My father died in 2004, and he left his house to me and my niece. My cousin has lived in the house since 2004, and I have lived in Pittsburgh, making yearly trips to the farm to visit. Recently my niece has decided to sell the house and 5 acres of land. I haven’t ever seen the a Will, but my father told me before he died that the house would be left to me and my niece, and that neither of us were to sell it. If she plans on selling the house, she must be on the deed. What can I do to prevent her from selling our family’s farm?

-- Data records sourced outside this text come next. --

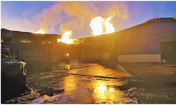
မော်ဘိုမြို့နယ်ရှိ လိပျှတ်ကျေးရွာရှိ Grand Royal အရက်ချက်စက်ရုံ မီးလောင်မှုကို တွေ့ရစဉ်

Tank သုံးလုံး၊ RF 50% အရက်ဆီလီတာ ၂၀၀၀၀ ဆုံ Tank ခြောက်လုံးနှင့် ပိုဒေါင် သုံးလုံးတို့ မီးလောင်ကျွမ်းလျက်ရှိပြီး မီးလောင်ကျွမ်းမှုကို မီးသတ်တပ်ဖွဲ့ဝင်များက စွမ်းစွမ်းတမ်းတမ်း မီးငြိမ်းသတ် ဆောင်ရွက်လျက်ရှိ၍ ညနေ ၅ နာရီခွဲတွင် အဆိုပါ စက်ရုံအတွင်းမှ ပေါက်ကွဲမှုဖြစ်ပွားခဲ့သဖြင့် မီးငြိမ်းသတ်နေသည့် မီးသတ်တပ်ဖွဲ့ဝင် ၁၂ ဦးတို့တွင် ဒဏ်ရာအချို့ရရှိခဲ့သောကြောင့် အင်းစိန်ပြည်သူ့ဆေးရုံကြီးသို့ ပို့ဆောင်ဆေးဝါးကုသမှု ခံယူလျက်ရှိသည်။ စက်ရုံမီးလောင်ကျွမ်းရသည့်အကြောင်းရင်းနှင့် ဆုံးရှုံးမှုတန်ဖိုးကို စိစစ်ထွက်ချက်လျက်ရှိကာ မီးလောင်ကျွမ်းမှုကို အမြန်ဆုံး ငြိမ်းသတ်နိုင်ရေးအတွက် မီးသတ်တပ်ဖွဲ့ဝင်များက ဆက်လက်ကြိုးပမ်းငြိမ်းသတ်ဆောင်ရွက်လျက်ရှိကြောင်း သတင်းရရှိသည်။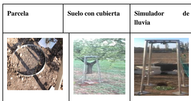
Figura 1. Detalle del simulador de lluvia y parcela utilizada.

La experiencia se realizó en un suelo rural de la zona de la Huerta de Valencia adicionando residuos obtenidos del arbolado de diferentes cultivos mediterráneos como cítrico, olivo y morera. Se utilizaron hojas y tallos procedentes de la poda de jardines urbanos que fueron triturados con una trituradora Viking GE345 con 2,2kW. Se utilizan 500 g de vegetal que se colocaran en la parcela del simulador para realizar cada experiencia.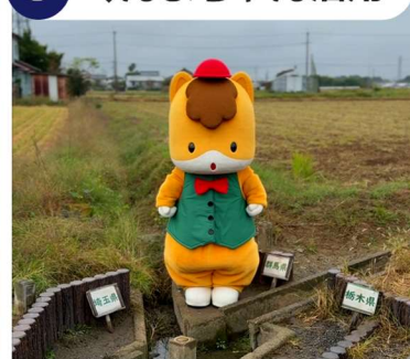
戦略的な情報発信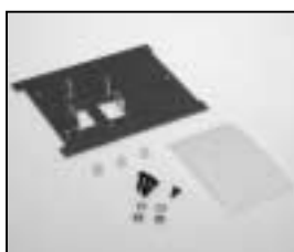
L4.80014.E Intermediate panel Zwischenblech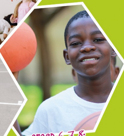
groep 6, 7, 8: Basketbal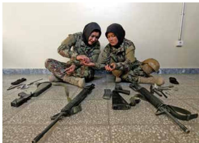
عساکر اردوی ملی افغانستان در اکتبر سال 2016 سلاح خود را در مرکز تعلیم نظامی کابل پاک کاری میکنند.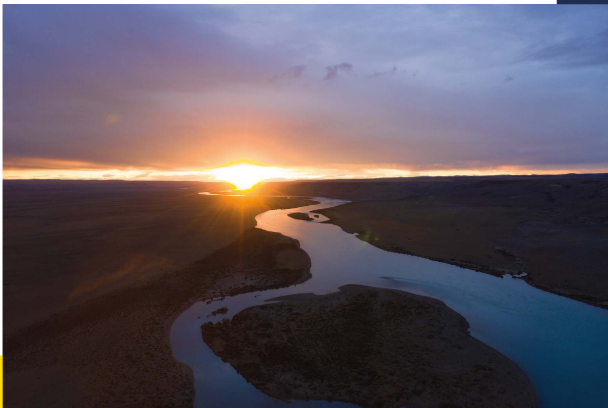
Complejo hidroeléctrico en el río Santa Cruz (Argentina)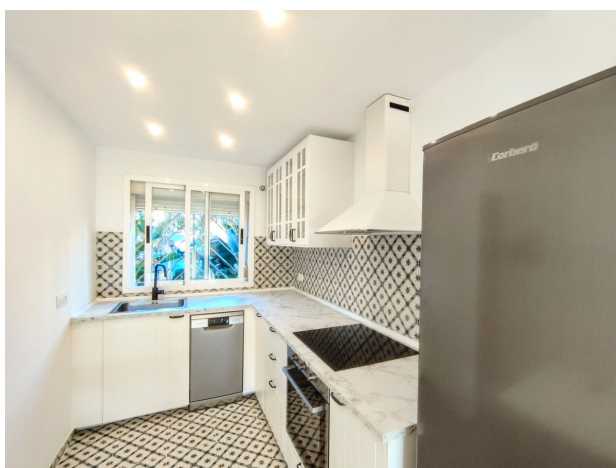
Decoración virtual - Virtual Deco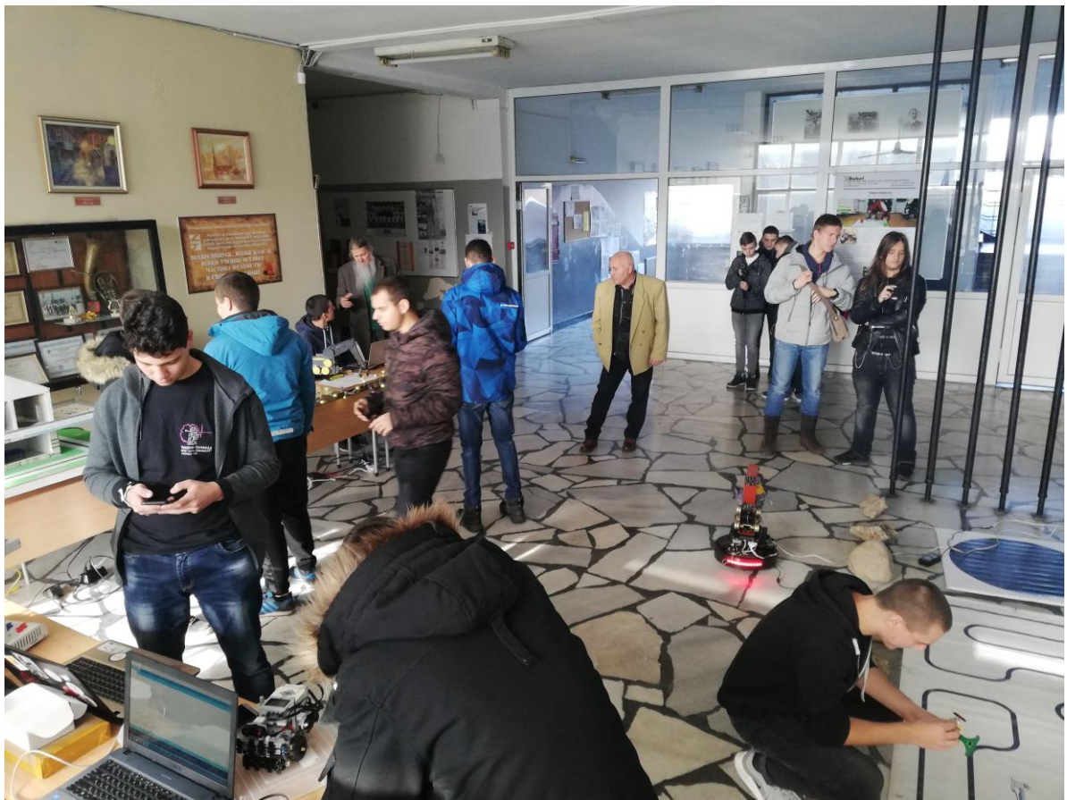
Общ изглед на изложбата

Във фоайето на първия етаж на ПГЕА беше организирана изложба на високотехнологични разработки: умна къща, 3D принтер, дрон, мобилни роботи с различни профили, и др. Домакините представиха една версия на управление на робота РОБКО-01, монтиран върху мобилна платформа.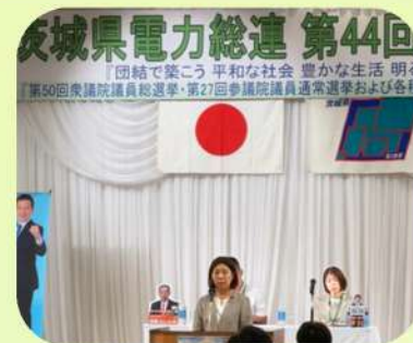
8/28 茨城県電力総連第44回定時大会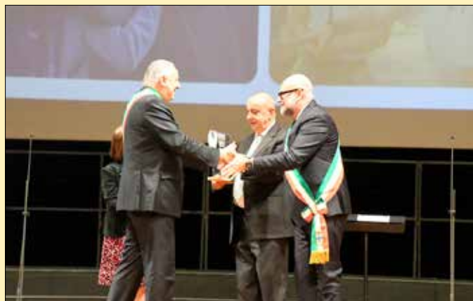
Un momento del passaggio di testimone nel capoluogo siciliano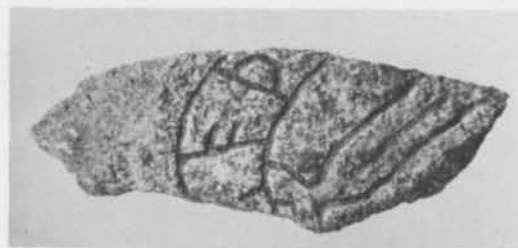
Fig. 7. Runstensfragment från Össeby kyrkoruin, Össeby-Garns socken, Uppland. – Runestone fragment from the Össeby Church ruin, Össeby-Garn parish, Uppland.

fats i S:t Pers kyrkoruin och att de »ligga i kyrkan». Sedan 1888 förvaras sex av dessa i Statens historiska museum (SHM inv. 8272:3) och har publicerats som U 397 i Upplands runinskrifter . Fragmentet kommer att införas i museets inventarium.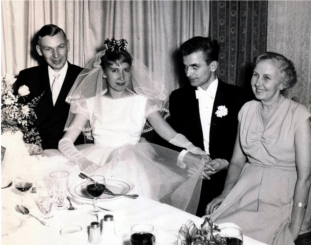
Bruden var i centrum. Svärfar och svärmor verkade nöjda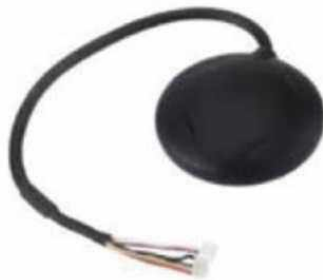
Рис. № 8 - Модуль GPS-навигации.

Рассмотрим радиопередающие системы, установленные на БПЛА.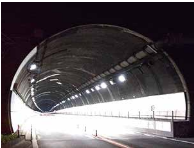
令和2年度静清維持原トンネル坑内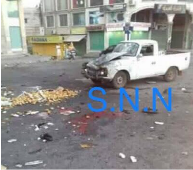
صورة نشرتها "شبكة أخبار السويداء" يوم 25 تموز/يوليو 2018، تظهر آثار دماء وسيارة متضررة بعد تفجير استهدف سوق الخضار في مدينة السويداء.

بدورها، بثت "شبكة أخبار السويداء" مقطعاً مصوراً يظهر فيه رجلاً مشنوقاً مع تجمع كبير للناس، حيث قالت الشبكة أن الرجل المشنوق هو عنصر انتحاري يتبع لـ"تنظيم الدولة" حاول تفجير نفسه بحزام ناسف أمام مشفى السويداء الوطني. ولم تستطع سوريون من أجل الحقيقة والعدالة التحقق من هوية الشخص بعد.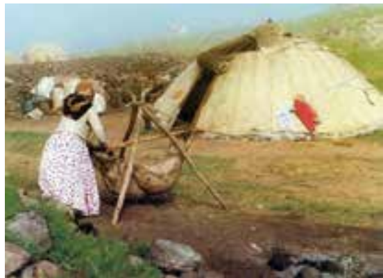
تهیه‌ی کره به روش دستی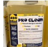
PRO CLEAN Nettoyant Spécial PVC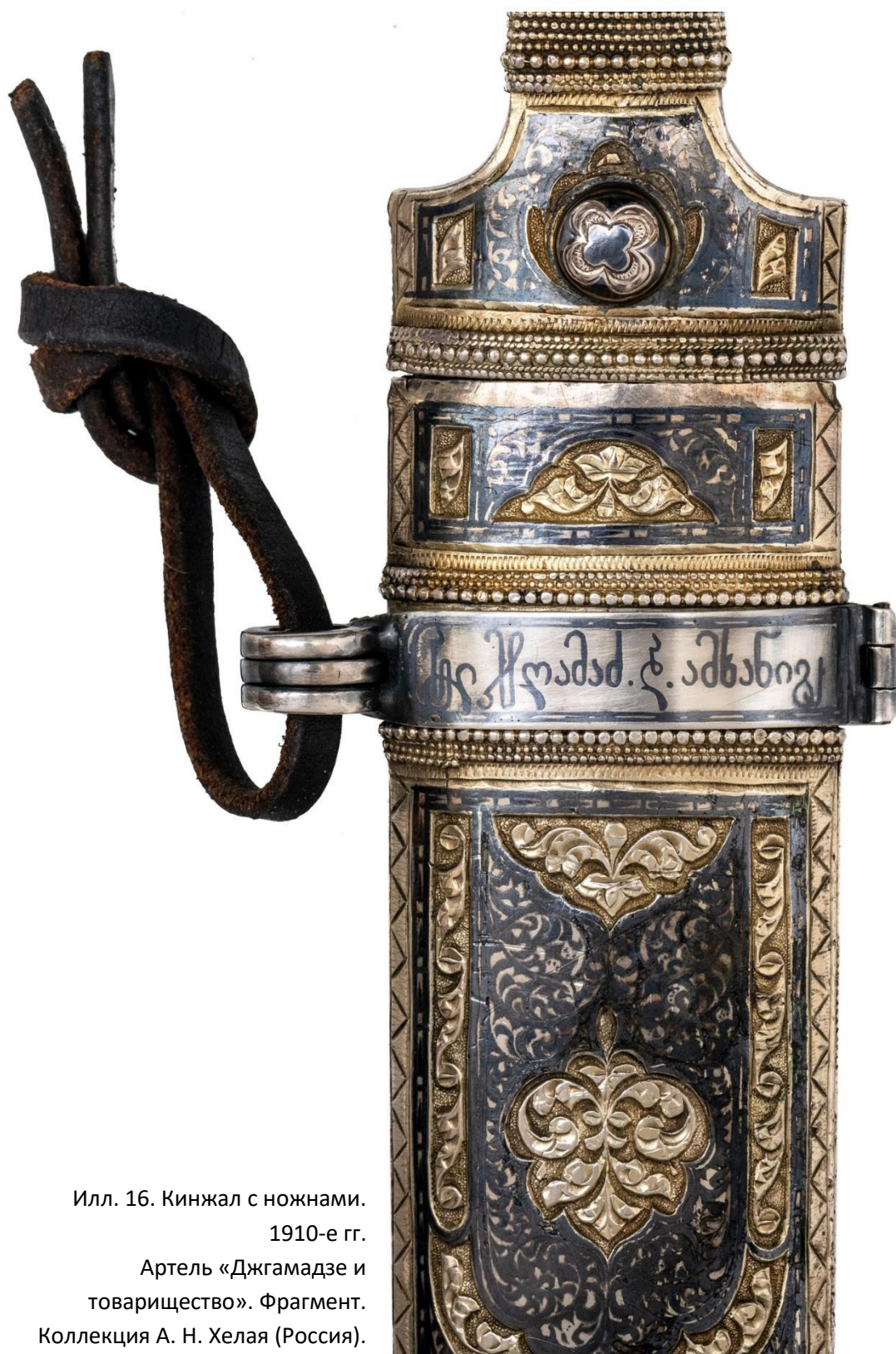
Илл. 16. Кинжал с ножнами. 1910-е гг. Артель «Джгамадзе и товарищество». Фрагмент. Коллекция А. Н. Хелая (Россия).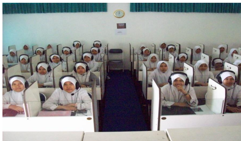
Gambar 4.5 Kegiatan Pendalaman bahasa Asing di Laboratorium Bahasa di Pondok Modern Al-Rifa'ie 2

SMP Al-Rifa'ie 2 sangat konsisten terhadap pelaksanaan kurikulum berbasis pesantren. Terbukti pelajaran-pelajaran yang biasanya di pesantren berada sangat sejajar pada jadwal pelajaran di SMP Al-Rifa'ie 2. Adapun proses kegiatan pelaksanaan pembelajaran di SMP Al-Rifa'ie 2 berbasis pesantren tidak jauh beda dengan pembelajaran pada umumnya diantaranya sebagai berikut: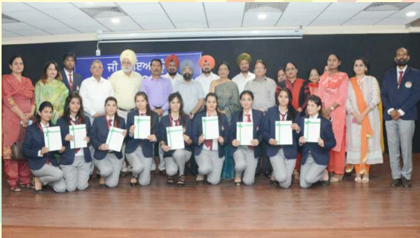
Panjab University Group Dance Team (Dev Samaj College for Women, Ferozepur) who got fourth position in All India National Inter-University Youth Festival held at Shivaji University, Kolhapur (MP)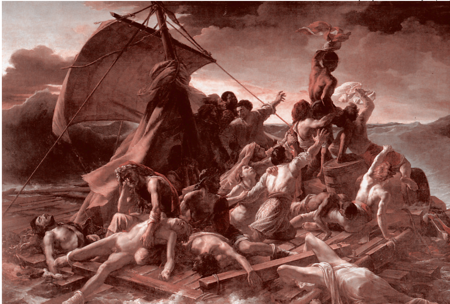
Теодор Жерико. Плот "Медузы" (1819)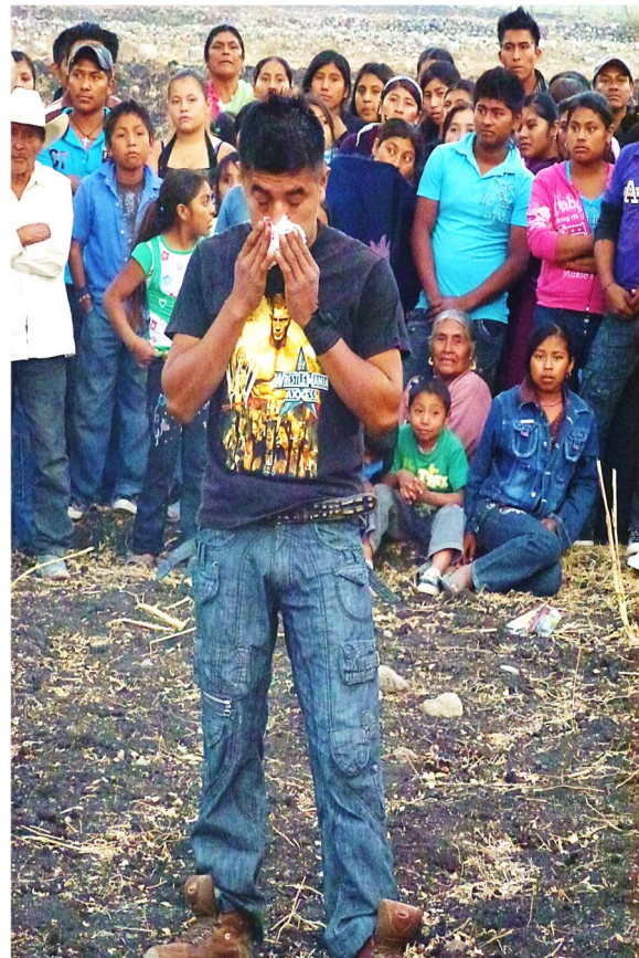
Le sang sobrement étanché, xochimilcas, mars 2011 et La Esperanza, 2 mai 2012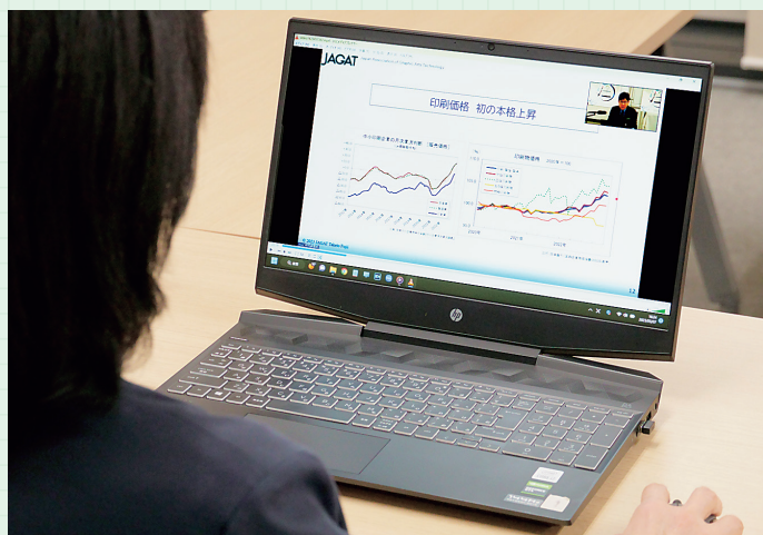
オンラインセミナーの配信イメージ パソコン・タブレットなどから視聴できます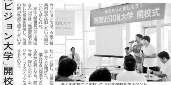
多くの市民でにぎわった5日の開校記念イベント —藤沢市江の島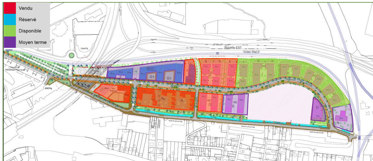
Plan masse général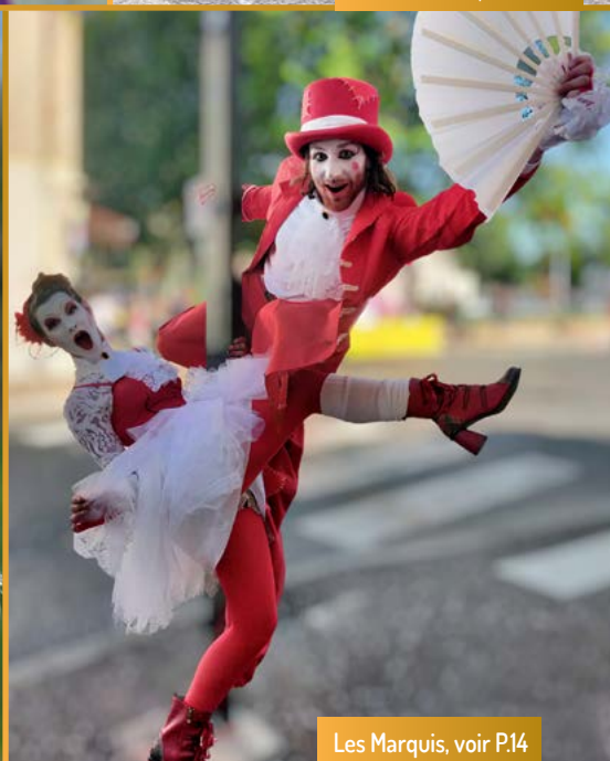
Les Marquis, voir P.14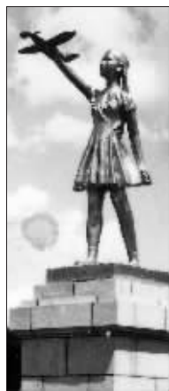
消失的《读书小男孩儿》和《科技小女孩儿》雕塑，如今只能留存在老照片中。

现今，文中提及的雕塑，有的已被当代雕塑家重塑，有的却已经彻底消失了，只能在一些老照片中一睹它们的风采。尽管如此，但只要它们曾经存在过，便永远镌刻进了这片灵性的土地，为这座城市最初的风貌打下了底色，让这里的人永远铭记。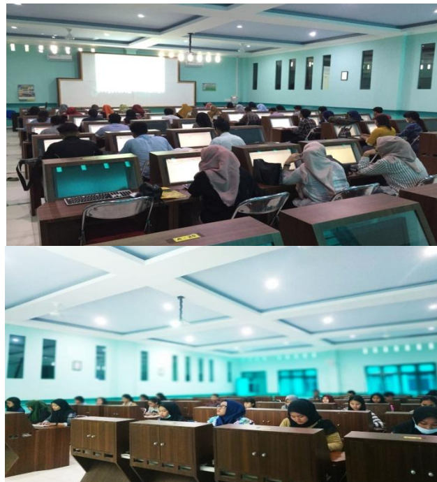
Gambar 3. Suasana saat Pelatihan berlangsung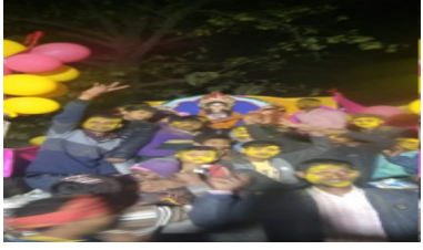
बैराजपुर स्थित वरुणा नदी में मूर्ति विसर्जन हुआ। वही ग्रामीण क्षेत्र के दर्जनों गांवों के युवाओं ने सोमवार देर शाम को मां सरस्वती के प्रतिमा

का वरुणा नदी में विसर्जन किया। हरहुआ बाजार, कोईराजपुर, वाजिदपुर, भगतपुर, नैयपुरा धनेश्वरी औसानपुर, मानसापुर, चमाव, इत्यादि कई गांवों में बसन्त पंचमी पर मां सरस्वती पूजा के बाद ग्रामीण युवाओं ने डीजे पर नाचते गाते व रंग अबीर खेलते साथ में महिलाओं व, पुरुषों व, बच्चे, नौजवान अमीर गुलाल उड़ाते हुये वरुणा नदी तट कोईराजपुर में पहुंचकर प्रतिमा का विसर्जन किया।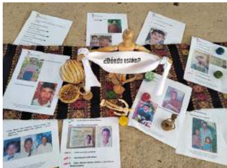
La colaboración entre wiwa y la Ubdp, busca reparar años de violencia y dar respuesta a familias de las víctimas.

Estos avances representan un paso importante en el camino hacia la verdad, la reparación y la reconciliación, llevando esperanza a las familias que aún buscan a sus seres queridos.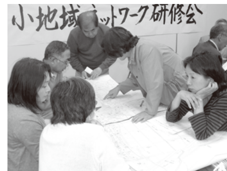
マップを囲み白熱する参加者

ワークショップでは、17支部に分かれ、『地域の支え合いマップ』づくりに懸命に取り組まれました。参加者からは異口同音に「情報把握・共有の重要性が再確認できた」の感想が聞かれました。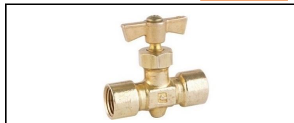
Válvula de Aguja Hembra a Hembra NPT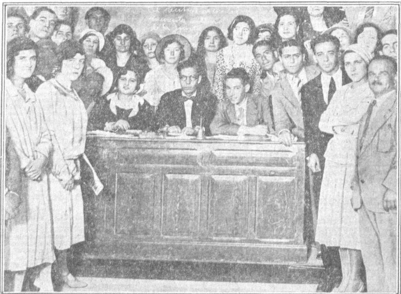
ASAMBLEA DE MAESTROS DE PRIMERA ENSEÑANZA.—Grupo de maestros reunidos hoy en asamblea en la Escuela Normal Central

El Consejo procedió a la designación de los delegados titulares en la Asamblea de la Sociedad de Naciones señores Briand, Flandin y Rollin. Se nombraron también tres delegados suplentes y seis adjuntos.—(Fabra.)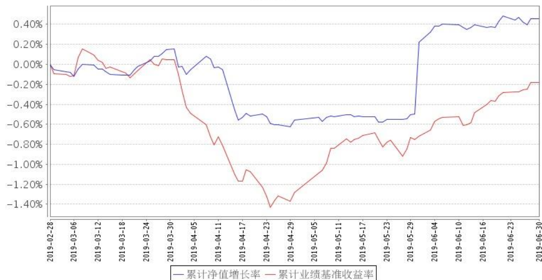
景顺长城政策性金融债债券型证券投资基金累计净值增长率与同期业绩比较基准收益率的历史走势对比图

注：2019 年 2 月 28 日，景顺长城景瑞双利债券型证券投资基金转型为景顺长城政策性金融债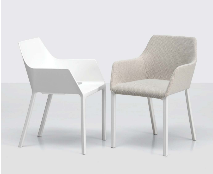
Mem vs Mem Soft

Asked on June 18, 2011 under Estate Planning, Pennsylvania

Answers:

M.D., Member, California and New York Bar / FreeAdvice Contributing Attorney

Answered 10 years ago | Contributor

First of all you need to get a copy of the Will. You have to find out just what you actually inherited. Were you gifted the house outright? Or we you given a "life estate" so the you may possess and use the property during your respective lifetimes, but cannot sell or otherwise transfer the property (and after death the property passes to a "remainderman")? Or was the property placed in a trust? Or was there another legal vehicle used? Again, you need to see the Will. To get a copy you can ask your family if someone has one or you can get a copy from the probate court in which the case was heard.

If you inherited the property outright, then your niece can sell the property. The reason is that when 2 co-owners cannot agree as the whether or not to sell property, the party in favor of the sale can go to court and file an action for "partition". This is a legal remedy which allows for the division of property among co-owners if the property can be physically divided.  However, where division would be impracticable (as in the instance of a single family house) a court would order a sale in lieu of partition and an equitable division of the proceeds among the co-owners.  However, before doing so, a judge would permit one co-owner to purchase the interest of the remaining co-owner at fair market value.

At this point you should consult directly with a real estate attorney in your area.